There is, however, one last aspect of the horses that provides a significant advantage and that might cause some players to find keeping up their equestrian practices worthwhile. Upon horseback, jumping rockets the player into the air to a degree equivalent to using a stuntman’s trampette. Since the game allows the player access to ‘bullet time’ when drawing their bow in the air (but never on the ground), horses provide the most reliable access to these time-slowing capacities, which can be especially useful when fighting the dreaded Guardian Stalker enemies, whose beam weapons are fatal in the early game and remain nasty all the way through. This small silver lining provides a reason – beyond the sheer aesthetic pleasure of riding – to traverse the beautiful lands of Hyrule upon the back of a horse.

One final point is worth mentioning. Horses can die. This provided the most shocking moment of any Zelda game I have ever played, when a routine expedition along a coastal path went horribly wrong as I took a narrow path too rapidly and my mount stumbled, fell down the cliff, and died. Even knowing that the developers had provided an option for resurrection via a convenient Horse Goddess, I was hurt and humbled by realising that I had brought this imaginary horse’s life to an end. This was radically more upsetting than the death of Agro in Shadow of the Colossus, since that event happens in a pre-scripted cut scene (and thus not as a result of player action), and was also not much of a surprise to me as an experienced game writer.

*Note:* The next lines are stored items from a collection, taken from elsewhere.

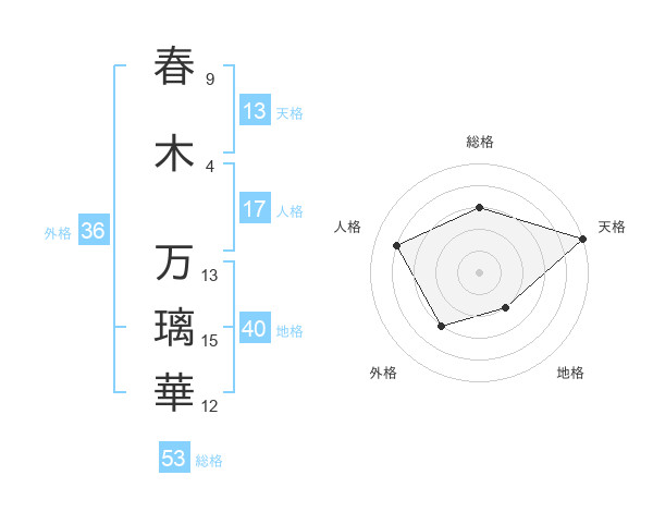 春木 万璃華さんを姓名の画数から五運を鑑定
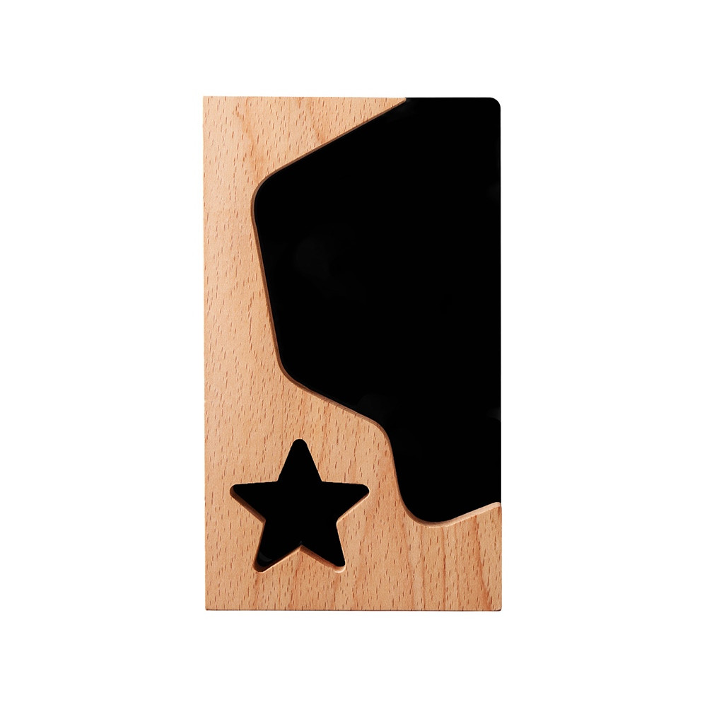 Красивая и современная награда для главных звезд любой компании. Черный акрил добавляет контраста рамке из бука, логотип или наградную надпись можно выгравировать на деревянной части или сделать уникальный дизайн, благодаря полной запечатке акрила методом УФ-печати.
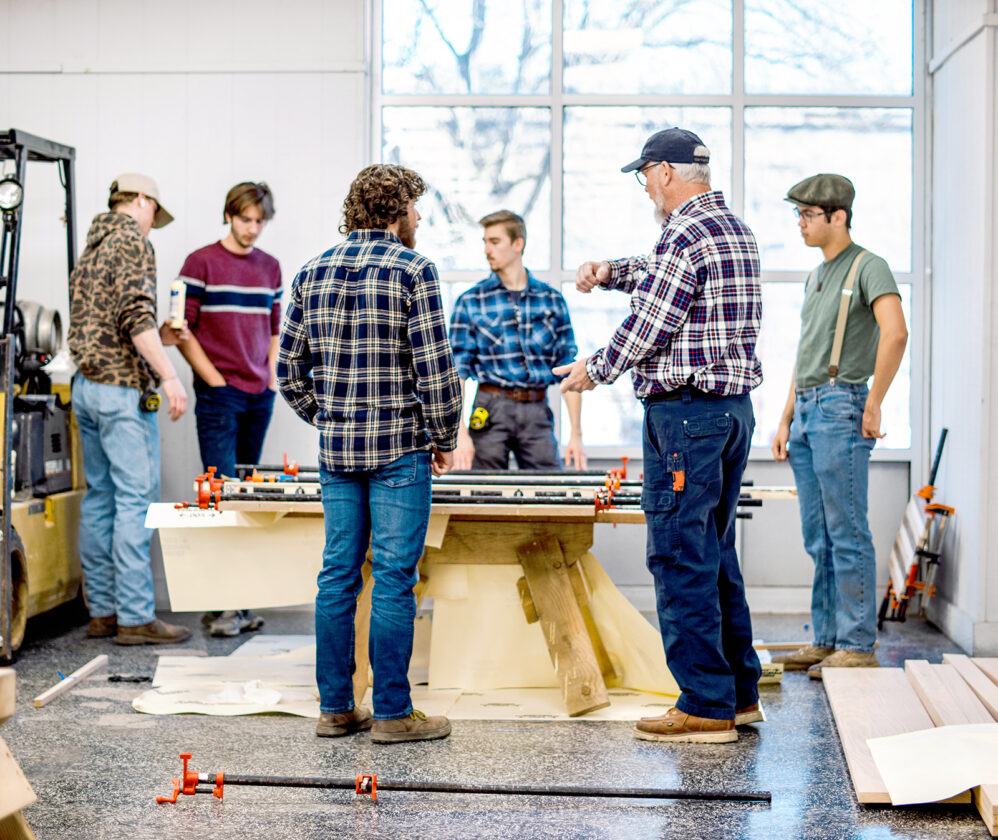 - TRAINING — Master builder Mike Sullivan instructs a group of carpentry students at the College of St. Joseph the Worker. Opened last year, the school offers a mix of hands-on training in skilled trades with Catholic studies and other courses. — Contributed
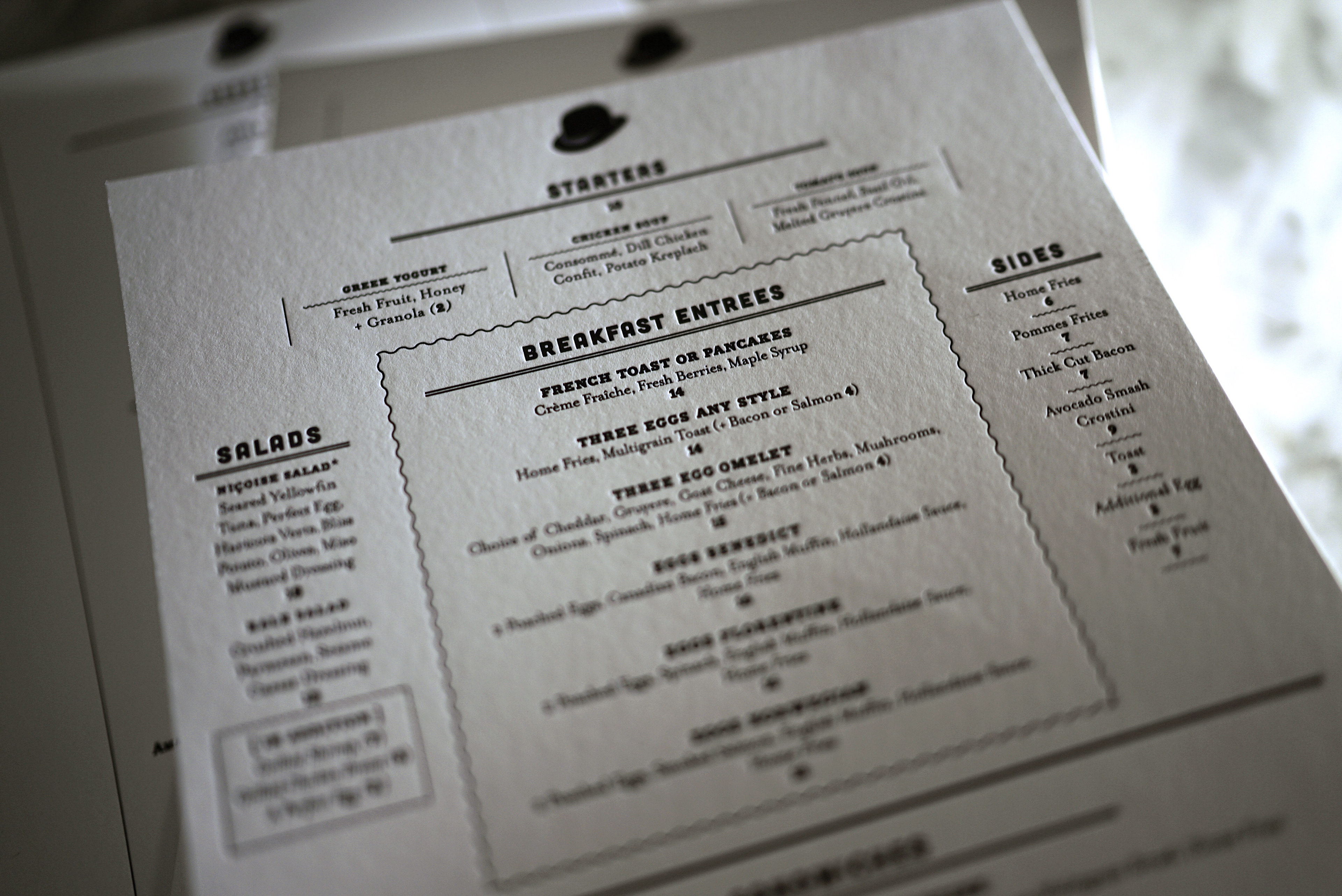 Design format created for a series of restaurant menus- for a new bistro in NYC's West Village, The Black Derby. Each menu within the system has been customized, utilizing elements unique to each individual menu.
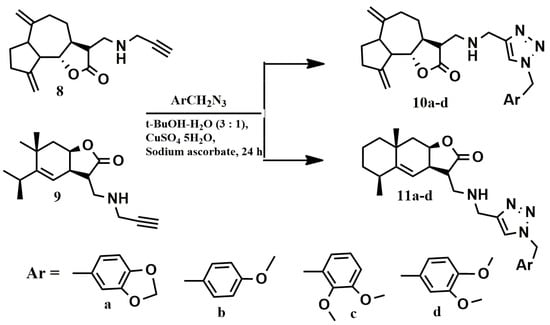 The next stage of our work consisted of studying the biological properties of the target conjugates of dehydrocostuslactone and allantolactone 6a–d, 7a–d, 10a–d and 11a.
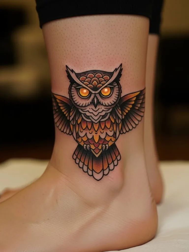 This neo traditional owl tattoo sits neatly on the front of the ankle and features warm amber tones that glow across every feather. The wings spread outward just enough to frame the design and the eyes shine with a soft golden light. Clean linework shapes the entire silhouette and the size keeps the tattoo delicate without losing detail.

Losing a horse in Zelda, though – that was a powerful and distressing moment, one that forever changed the way I rode around Hyrule. I was not, and still am not, willing to let another of my beautiful fictitious horses die as a result of my carelessness and this serves as another reminder of the incredible polish evident in the horse system in Breath of the Wild. What a shame that it is also so cruelly undermined by the overall design.